Jun 17, 2020  By John Hyde

Ontario court strikes down most employment contracts

June 17, 2020- If employers (particularly small and medium-size businesses), were not already suffering enough facing the present Covid-19 business realities, the Ontario Court of Appeal has just landed yet another blow to companies struggling to stay afloat.

In a unanimous decision, the Court in Waksdale vs. Swegon North America Inc., has effectively ruled that the majority of employment contracts are unenforceable.

Why? Simply stated, the Court attacked employment agreements which include a clause that states, the employee can be terminated without notice [or pay in lieu] for just cause. More specifically, the Court found that where such clause is included in an employment agreement, even if it is not relied upon by the employer for the purposes of the termination, it is contrary to the Employment Standards Act of Ontario (ESA) and, is therefore unenforceable. Again, it does not matter whether the termination of the employee is without just cause. It does not matter if a “without just cause” provision in the employment agreement would otherwise appear to be enforceable. It also matters not, if the employment agreement has a severability clause; it does not cleanse the waters of an already poisoned well.
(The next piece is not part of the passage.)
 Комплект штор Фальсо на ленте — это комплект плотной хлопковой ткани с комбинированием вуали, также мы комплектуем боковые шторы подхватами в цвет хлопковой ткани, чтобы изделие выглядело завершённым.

In confirming prior decisions, the Court noted in part:

  • the ESA is remedial legislation, intended to protect the interests of employees. Courts should favour an interpretation of the ESA that encourages employers to comply with the minimum requirements of the Act. A termination provision which does not meet the minimum standards of the ESA, will be held to be unenforceable.
  • The enforceability of a termination provision in an employment contract must be determined at the time the agreement was executed. The wording of the contract alone should be considered in deciding whether it contravenes the ESA, not what the employer might have done at termination.- Therefore, even if the employer’s actions complied with the ESA obligations at termination, this does not save a termination provision that violates the ESA.
  • The existence of an unenforceable clause within an employment agreement (that is, where such clause does not meet the minimum standard of the ESA), effectively poisons the entire well, rendering the full agreement null and void.
  • Even if there exists an unenforceable just cause provision and an otherwise enforceable without cause provision, the employer’s reliance upon the latter in terminating an employee without just cause does not protect the employer. As the court noted, an employment agreement must be interpreted as a whole, and not on a piecemeal basis. The court is obliged to determine the enforceability of the termination provisions at the time the agreement was executed; non-reliance on an illegal provision is irrelevant.
  • A severability clause, allowing for the effective removal of an unenforceable part of the employment contract, cannot save the entire employment agreement from being held to be unenforceable. As the court noted, “a severability clause cannot have any effect on clauses of a contract that have been made void by statute”.
  • Where a contract has been found to be unenforceable by virtue of any clause not meeting the minimum standards of the ESA, the employee is entitled to common law notice of termination or, pay in lieu.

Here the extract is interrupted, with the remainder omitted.